In an unexpected turn of events, Jasontek had emergency surgery for a ruptured ovarian cyst in September, 1999 that could have been life threatening. She would likely have been picked as a full team member if not for the incident which required time away from training. She spent a full two weeks in bed, and six weeks before attempting light pool training. Her surgery occurred a year before the late September 2000 Sydney Olympics. By late April, 2000, Jasontek had recovered and trained sufficiently to attend the Janzen National Synchronized Swimming Championship in Maryland. She had originally been picked as a second alternate for the U.S. Sydney team in January, 2000, but at the 2000 Olympics, after moving up to a first alternate, she watched by the sidelines as the American team finished a disappointing fifth. Despite her recovery, the surgery affected her pre-Olympic training, and made her question if she could ever return to serious training for the next Olympics.

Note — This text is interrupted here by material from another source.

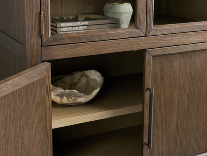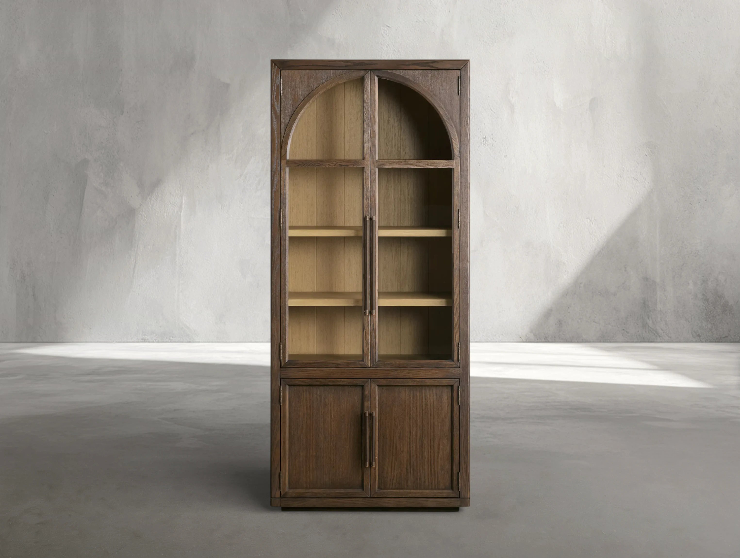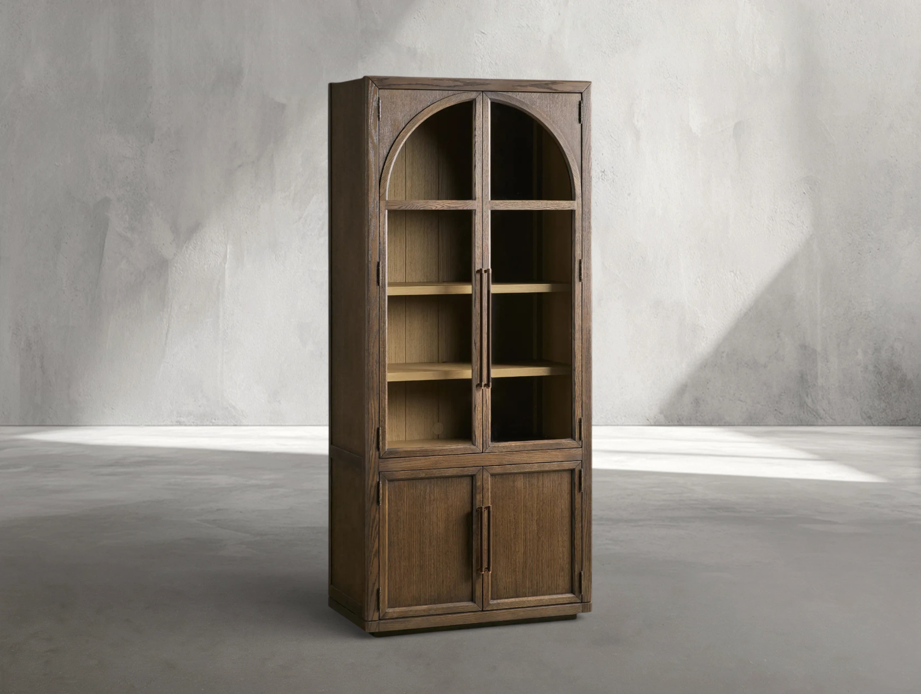 Defined by a clean square silhouette, this glass-front cabinet blends architectural clarity with refined detailing. The transparent doors feature a softly integrated arch, adding subtle visual interest without disrupting the modern form. Inside, open shelving provides generous space for both curated displays and everyday essentials. Thoughtfully balanced in proportion and material, the piece brings a composed, elevated presence to any interior.

Deciding to undertake the challenge, Jasontek continued with the Santa Clara based U.S. team, training for four years. For the final two years, she trained up to eight hours a day, six days a week in preparation for Athens.

===2004 Athens===
Considering the team's 2000 performance, Jasontek was thrilled to win a bronze medal at the 2004 Summer Olympics, in the synchronized team competition. The American team placed behind the winning gold medal Russian Federation, and silver medalists Japan. The dominant Russian team had won every event they had previously entered since the 2000 Olympics in 2000 and were expected to dominate the 2004 synchronized swimming event, and won handily. The American team performed in one routine to the music of Lord of the Rings, and executed a well-performed double toss of two of the team members, considered a nearly flawless routine by the U.S. coach Chris Carver. Their final routine was to the music of the Sorcerer's Apprentice.

After the 2004 Olympics, Jasontek began working in marketing in Santa Clara, California.

==Personal life==
Rebecca married Joey Tomsic prior to the 2004 Olympics at St. Francis DeSales Church in greater Cincinnati on August 30, 2003. Rebecca's sister Julie served as Maid of Honor. With the demands of her training schedule, their honeymoon was postponed until after the 2004 Olympics. In 2008, the family lived in Kansas City, where husband Joe had been transferred with his job. They later welcomed their son in April, 2010.

===Honors===
Jasontek was a Hall of Fame Honoree at Ohio State. She was a finalist for the 1997 Big Ten Conference Medal of Honor. A local recipient of recognition, Jasontek was the Greater Cincinnati Collegiate Sportswoman of the Year.